In coal mining activities, the abutment stress of the coal has to undergo cyclic loading and unloading, affecting the strength and seepage characteristics of coal; additionally, it can cause dynamic disasters, posing a major challenge for the safety of coal mine production. To improve the understanding of the dynamic disaster mechanism of gas outburst and rock burst coupling, triaxial devices are applied to axial pressure cyclic loading-unloading tests under different axial stress peaks and different pore pressures. The existing empirical formula is use to perform a non-linear regression fitting on the relationship between stress and permeability, and the damage rate of permeability is introduced to analyze the change in permeability. The results show that the permeability curve obtained had "memory", and the peak stress was lower than the conventional loading path.
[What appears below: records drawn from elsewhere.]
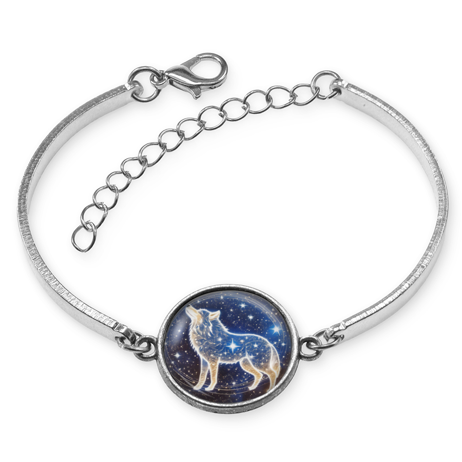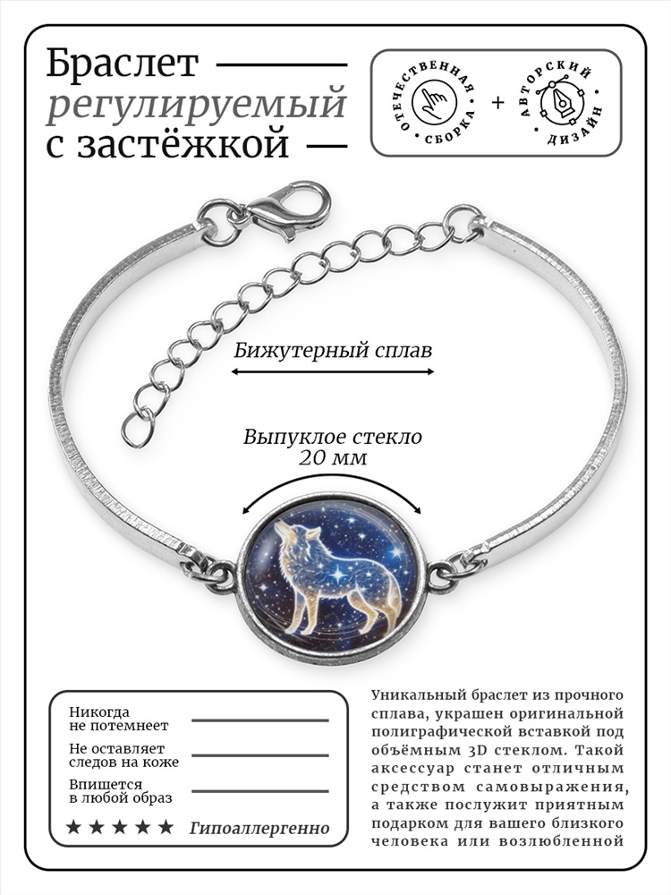 Браслет из бижутерного сплава с регулируемой по длине застёжкой. Изображение диаметром 20 мм прикрыто выпуклой стеклянной линзой. Товар упакован в прозрачный пакет. Без описания.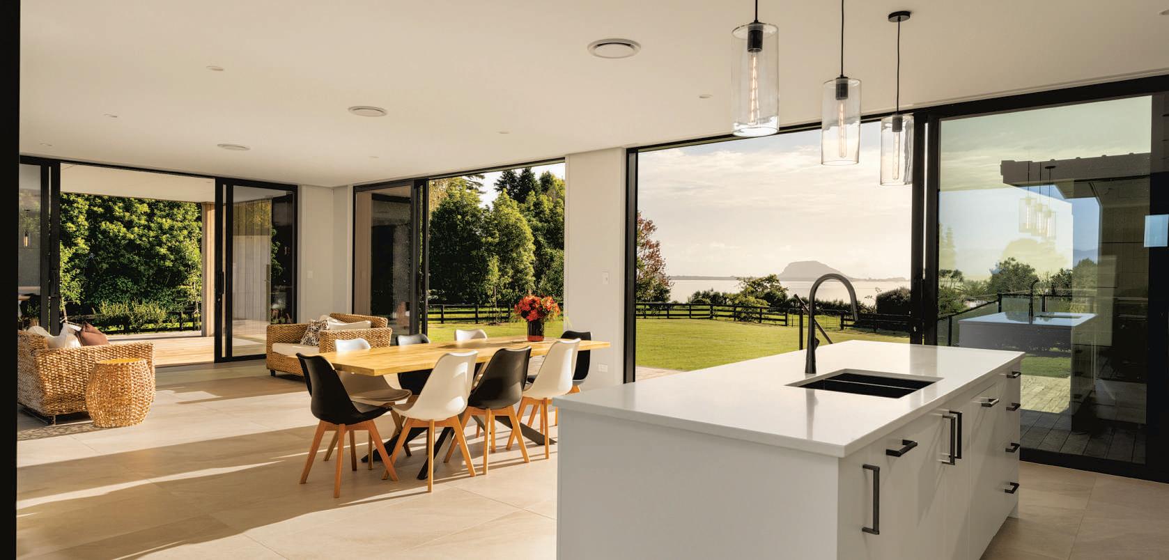 Nestled in seclusion on the fringe of Katikati, the house sits at the end of a tree-lined driveway – security gates highlighting the safety precautions and seclusion the home enjoys. At around 280sqm, it is a house of substance – spacious design, styled and finished with contemporary flair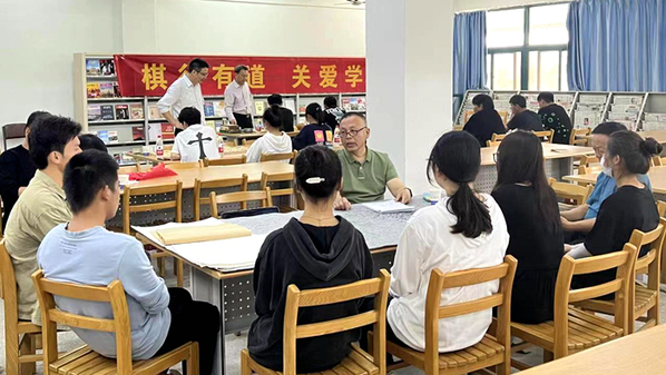 这天上午,图文信息中心大楼二楼设立了两处活动场所。一处是爱好书法的同学围坐在书法家童宏鑫和张光举的周围,聆听着他们的讲座;另一处是童宏葵与3名爱好围棋的同学对弈并指导,工会章杰义老师与8名爱好象棋的同学对弈并指导。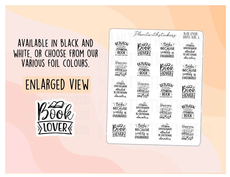 This listing is for a 4x3 sticker sheet of 20 Black and White Book Lover Quotes and Phrase Version 6 stickers.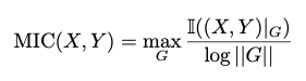 위 식에서 G는 X와 Y 값을 각 bin으로 나눈 2d grid, (X,Y)|G는 각 X,Y 값이 이 grid에 들어간 분포, 그리고 ||G||는 X 방향 grid의 개수와 Y 방향 grid의 개수 중 최솟값을 말한다. log||G||로 값을 normalization 함으로써 MIC 값이 0과 1 사이로 제한되게 된다.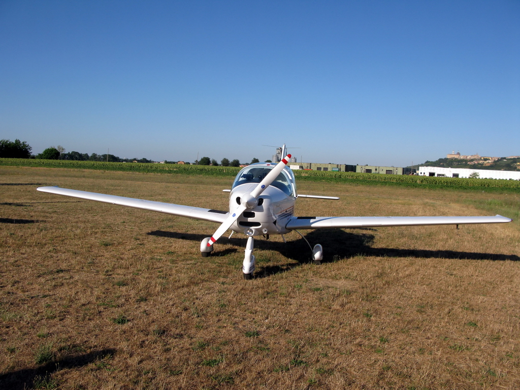 Запускаемся и греемся. Быстро забиваю в гармин ближайшие точки маршрута. Поехали….мы рулим первыми, на радиочастоте местного аэродромчика идет какой-то радиообмен на английском и итальянском. На полосе сидит самолетик, не взлетает. Мы стоим на предварительном, проверяемся, самолетик, убедившись, что мы ему на полосу не вылезем, начинает разбег, отрывается и уходит в жаркое небо. Выруливаем и трясемся по неровностям, чтобы занять исполнительный, надо порулить по всей полосе. За нами рулят RA и Foxtrot, занимаем исполнительный, соответственно при развороте Foxtrot оказывается лидером, RA за ним, ну и мы сзади. Еще одна проверка, подтверждаем готовность и Foxtrot начинает разбег. Взлетает тяжеловато – жарко, полные баки, начинает неспешный набор высоты. RA начинает разбег, отрывается, наступает наша очередь, газ вперед, побежали. Скорость растет медленно, самолет начинает уходить с полосы – ветер чуть сбоку, подпрыгивает, еще раз тыкается колесами об землю и переходит в набор. Наше путешествие началось…..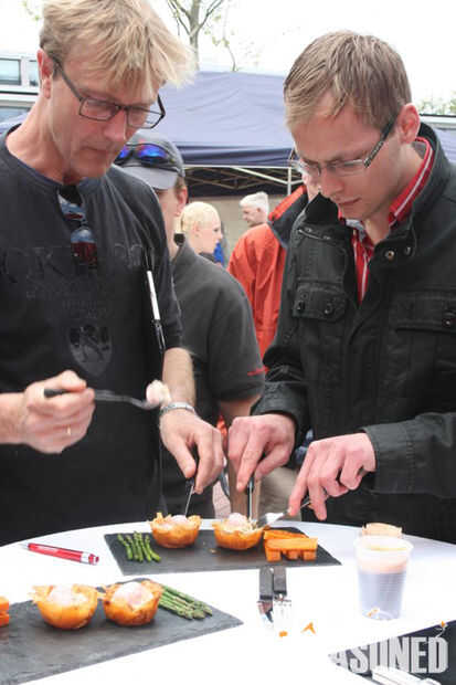 Poner el jugo de arándano rojo en un tazón, agregar media cucharada de lecitina de soja. Utilice una licuadora hasta que se forme una ligera espuma. Una vez que las copas estén listas, sacar una cucharada de espuma en el plato. Y terminado!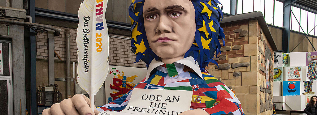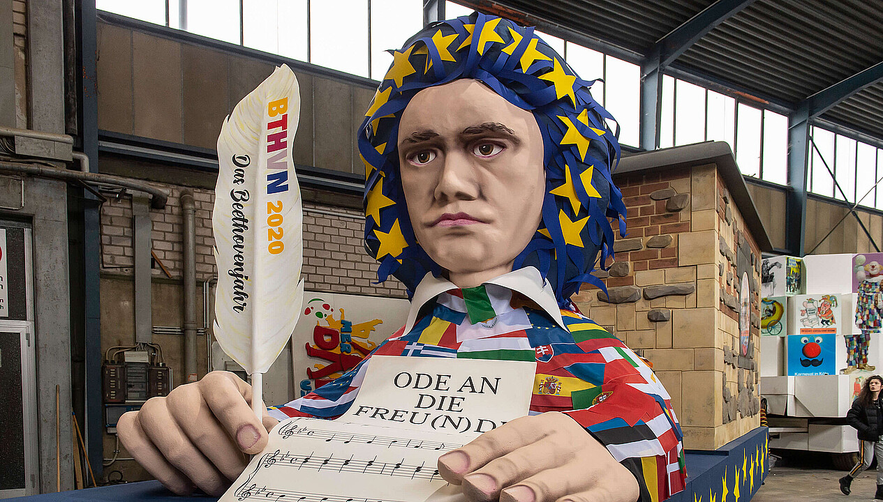 Stellvertretend für alle wurde heute der Kölner Wagen der „Ode an die Freu(n)de“ in der Wagenhalle des Festkomitees Kölner Karneval vorgestellt. Neben Holger Kirsch, Zugleiter des Kölner Rosenmontagszuges und Vorstandsmitglied des Festkomitees Kölner Karneval, betonte Ralf Birkner, kaufmännischer Geschäftsführer der Beethoven Jubiläums GmbH, als Ideengeber des Gemeinschaftsprojektes: „Ludwig van Beethoven hat mit der ‚Ode an die Freude‘ die Europahymne komponiert. Freiheit, Gleichheit, Brüderlichkeit sind die Werte, die er am Hof des Bonner Kurfürsten kennenlernte und für die auch unser Karnevalsbrauchtum steht. Das Motto „Ode an die Freu(n)de“ ist jedoch zugleich ein Hinweis auf die freundschaftliche Zusammenarbeit der vier Festkomitees als Trägerkreis des schützenswerten Kulturgutes ‚Rheinischer Karneval‘.“

The permeability curve and the volume strain curve show a clear symmetrical relationship, being the former in the form of a negative power function. Owing to the influence of irreversible deformation, the permeability difference and the damage of permeability mainly occur in the initial stage of loading-unloading, and both decrease as the number of cycles of loading-unloading increase. At the end of the first cycle and the second cycle, the permeability decreased in the range of 5.777 - 8.421 % and 4.311-8.713 %, respectively. The permeability decreases with an increase in the axial stress peak, and the damage rate shows the opposite trend. Under the same conditions, the permeability of methane is always lower than that of helium, and it shows a V-shape change trend with increasing methane pressures, and the permeability of the specimen was 3 MPa > 1 MPa > 2 MPa.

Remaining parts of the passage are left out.